START DATA SHOWN

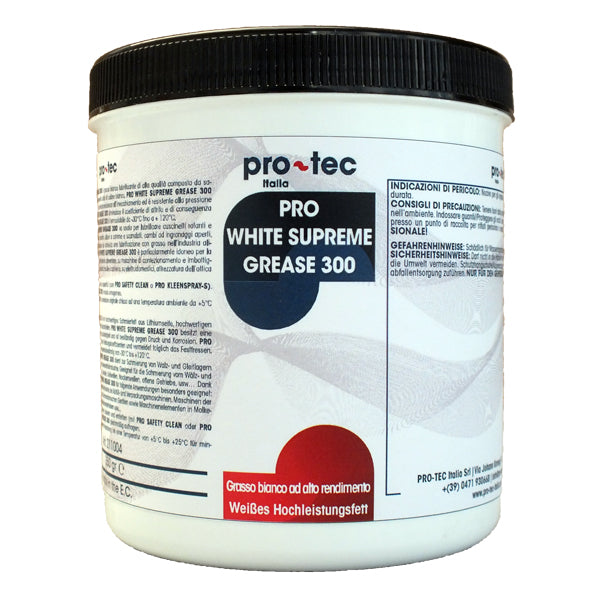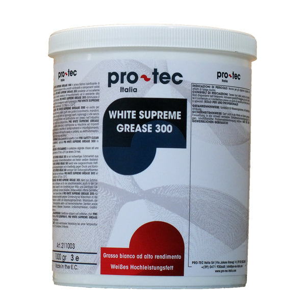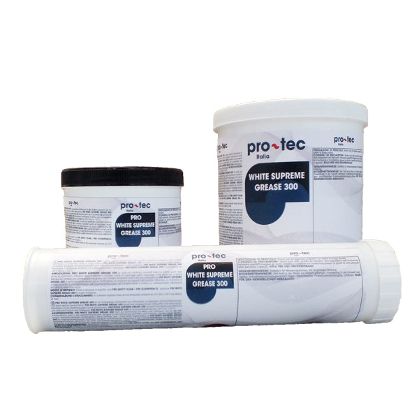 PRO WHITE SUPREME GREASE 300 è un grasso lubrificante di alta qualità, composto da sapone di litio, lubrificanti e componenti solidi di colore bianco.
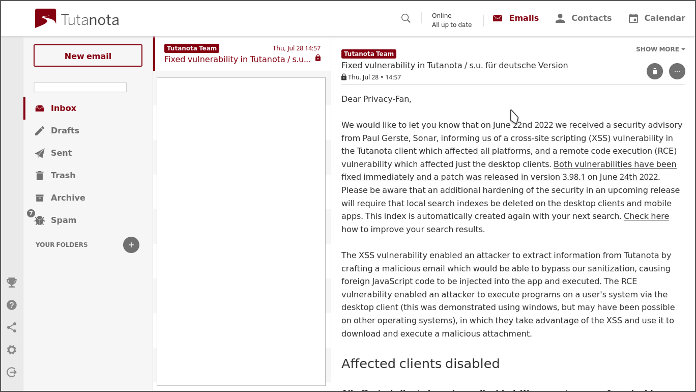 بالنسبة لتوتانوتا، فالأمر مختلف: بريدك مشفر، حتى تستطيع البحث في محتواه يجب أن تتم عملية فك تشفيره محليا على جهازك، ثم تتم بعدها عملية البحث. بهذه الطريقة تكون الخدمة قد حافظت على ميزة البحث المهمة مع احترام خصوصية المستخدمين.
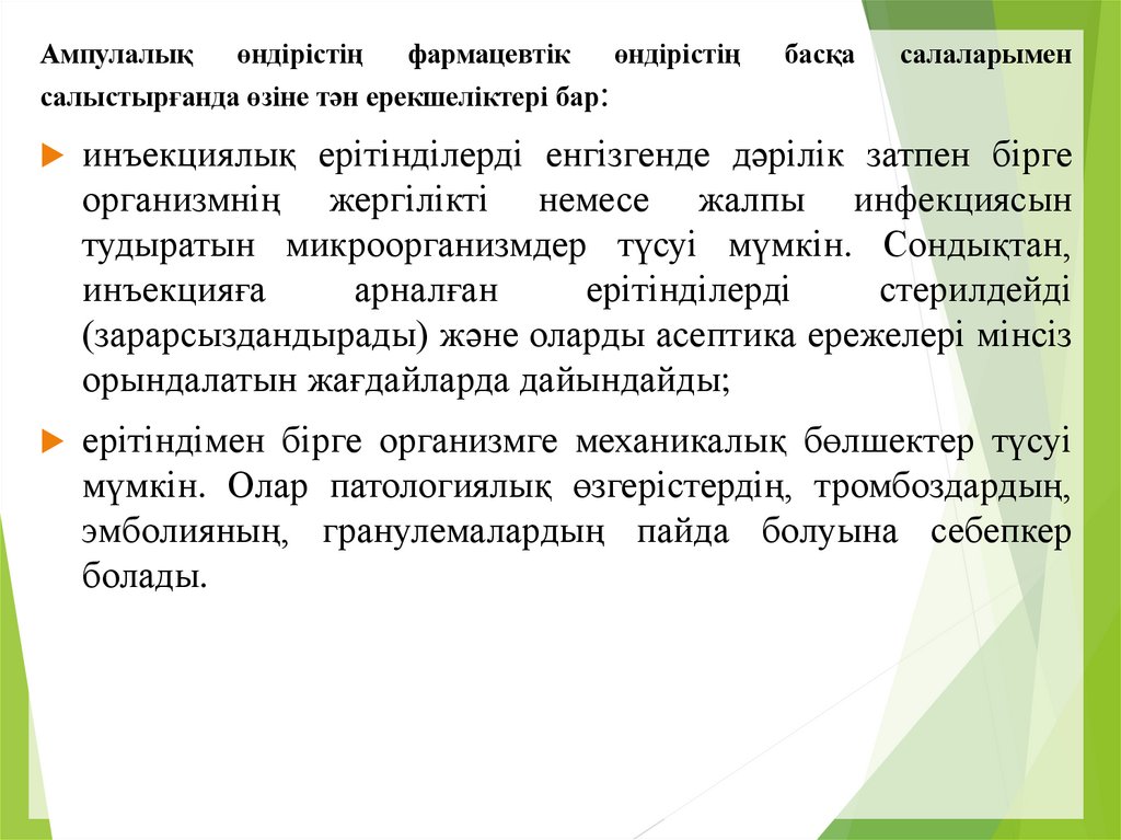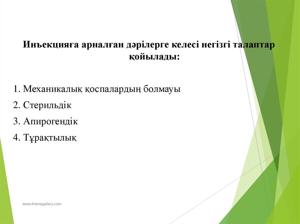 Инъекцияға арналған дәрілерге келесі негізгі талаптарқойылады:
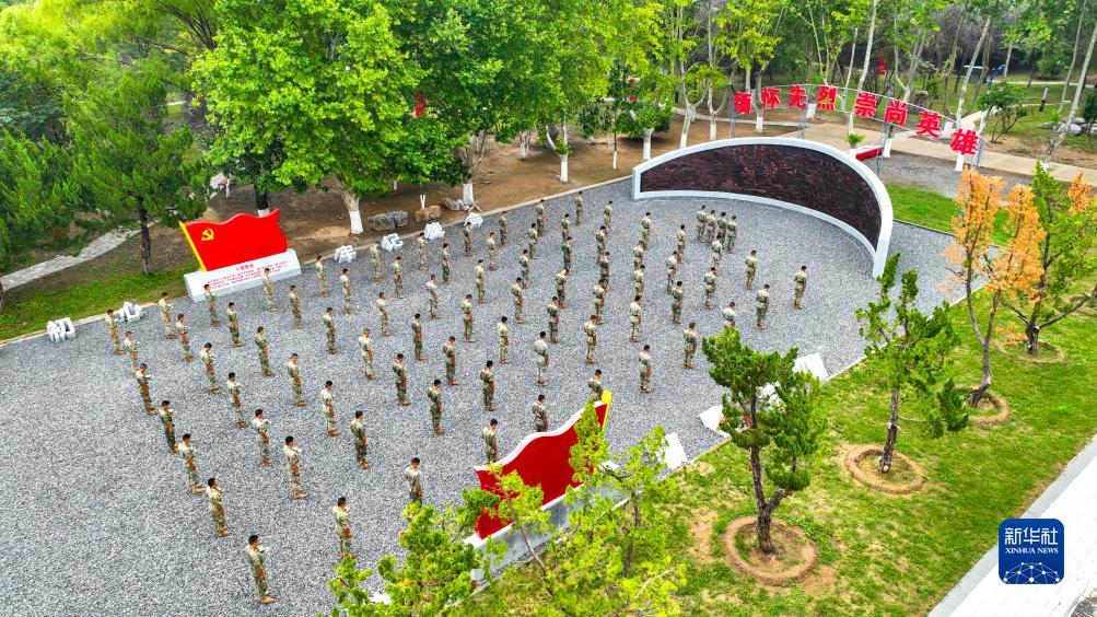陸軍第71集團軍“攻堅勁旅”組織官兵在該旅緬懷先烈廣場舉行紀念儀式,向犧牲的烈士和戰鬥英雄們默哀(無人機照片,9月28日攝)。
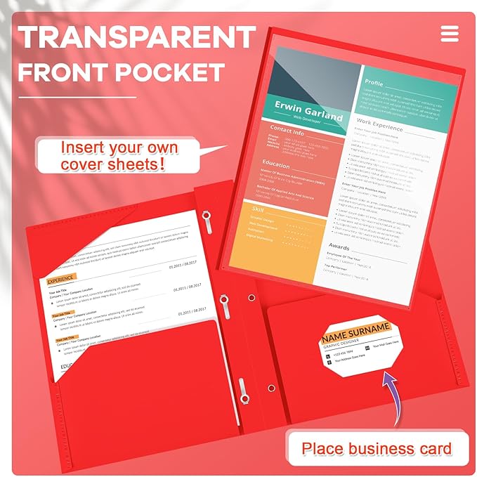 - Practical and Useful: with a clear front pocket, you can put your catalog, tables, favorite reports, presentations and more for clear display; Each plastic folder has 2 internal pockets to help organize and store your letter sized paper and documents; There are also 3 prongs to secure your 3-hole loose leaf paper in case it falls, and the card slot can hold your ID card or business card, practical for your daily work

END DATA SHOWN

**PROBLEM TO SOLVE:** Pictures aside, restate all of the entries exactly.

**RESPONSE:**
 PRO WHITE SUPREME GREASE 300 è un grasso lubrificante di alta qualità, composto da sapone di litio, lubrificanti e componenti solidi di colore bianco.
 بالنسبة لتوتانوتا، فالأمر مختلف: بريدك مشفر، حتى تستطيع البحث في محتواه يجب أن تتم عملية فك تشفيره محليا على جهازك، ثم تتم بعدها عملية البحث. بهذه الطريقة تكون الخدمة قد حافظت على ميزة البحث المهمة مع احترام خصوصية المستخدمين.
 Инъекцияға арналған дәрілерге келесі негізгі талаптарқойылады:
陸軍第71集團軍“攻堅勁旅”組織官兵在該旅緬懷先烈廣場舉行紀念儀式,向犧牲的烈士和戰鬥英雄們默哀(無人機照片,9月28日攝)。
 - Practical and Useful: with a clear front pocket, you can put your catalog, tables, favorite reports, presentations and more for clear display; Each plastic folder has 2 internal pockets to help organize and store your letter sized paper and documents; There are also 3 prongs to secure your 3-hole loose leaf paper in case it falls, and the card slot can hold your ID card or business card, practical for your daily work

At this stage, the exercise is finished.